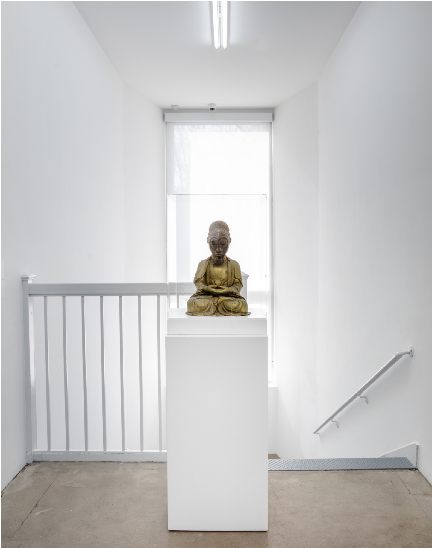
David Hammons | Untitled | n.d. African mask, Buddha statue | 20 1/2 x 15 x 11 inches | #DHA21.004
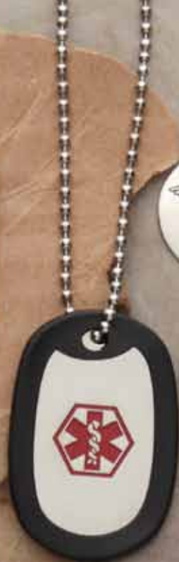
ADT-01, ADT-03 Dog Tag Necklace 24" Ball Chain ADT-01 - Engraved with Diabetes ADT-03 - Blank, stickers included
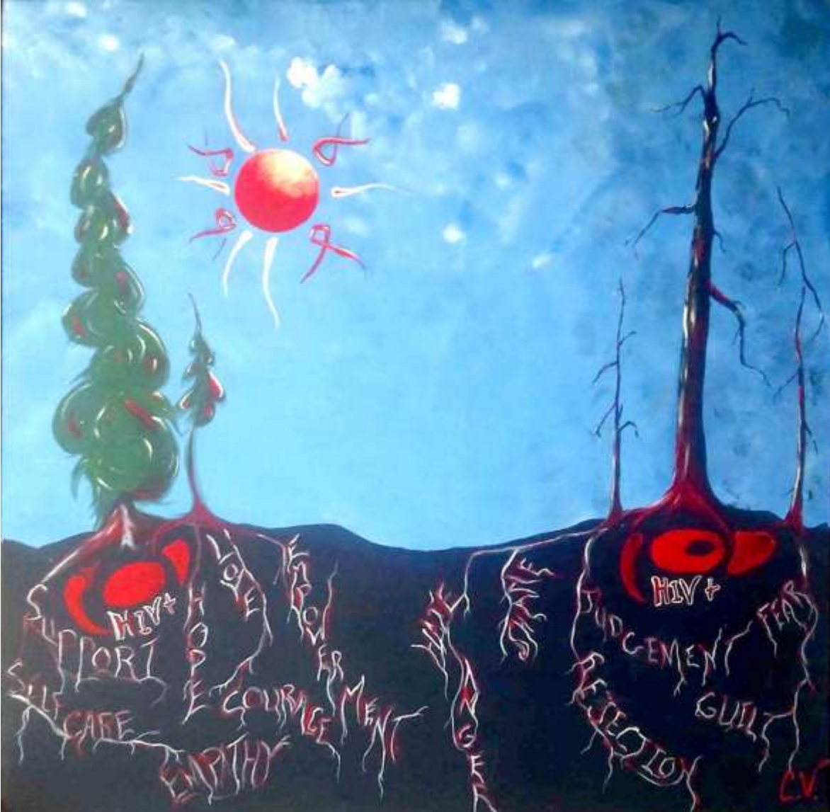
Vagt, Callista. The Truth of Roots . 2012. Acrylic on panel board, 46" x46".
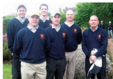
The 2010 Grafton Morrish qualifiers.

The finals take place 30 Sept-2 Oct 2010.
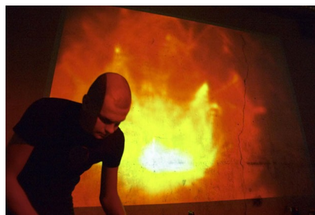
Live at Basement 2004 in Denmark
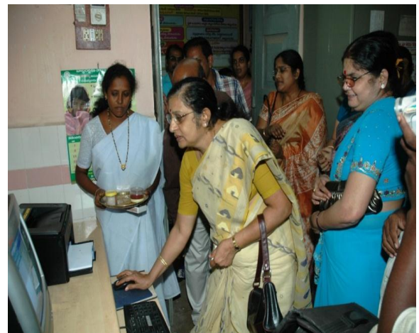
Infrastructure to Primary Health Centres for better service
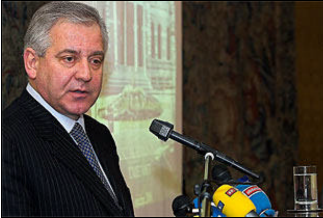
Prime Minister Ivo Sanader announced strong measures in the fight against corruption.

ZAGREB, Croatia, March 10 – Croatia will fight corruption not because the European Union demanded it but because the public expects it, Prime Minister Ivo Sanader said at a round table debate in the Croatian Academy of Arts and Sciences called “The National Program on Corruption Prevention.” The main objective of the anti-corruption plan is to reduce corruption as much as possible, with the help of all factors in society, said Prime Minister Sanader adding that regardless of political beliefs, fighting corruption must be a common goal for everyone.

_What you have to do_
Each line from the one containing "Infrastructure to Primary" through the end of the listing is to be set down exactly, with all pictures left out.

_Reply to the exercise_
Infrastructure to Primary Health Centres for better service
Prime Minister Ivo Sanader announced strong measures in the fight against corruption.

ZAGREB, Croatia, March 10 – Croatia will fight corruption not because the European Union demanded it but because the public expects it, Prime Minister Ivo Sanader said at a round table debate in the Croatian Academy of Arts and Sciences called “The National Program on Corruption Prevention.” The main objective of the anti-corruption plan is to reduce corruption as much as possible, with the help of all factors in society, said Prime Minister Sanader adding that regardless of political beliefs, fighting corruption must be a common goal for everyone.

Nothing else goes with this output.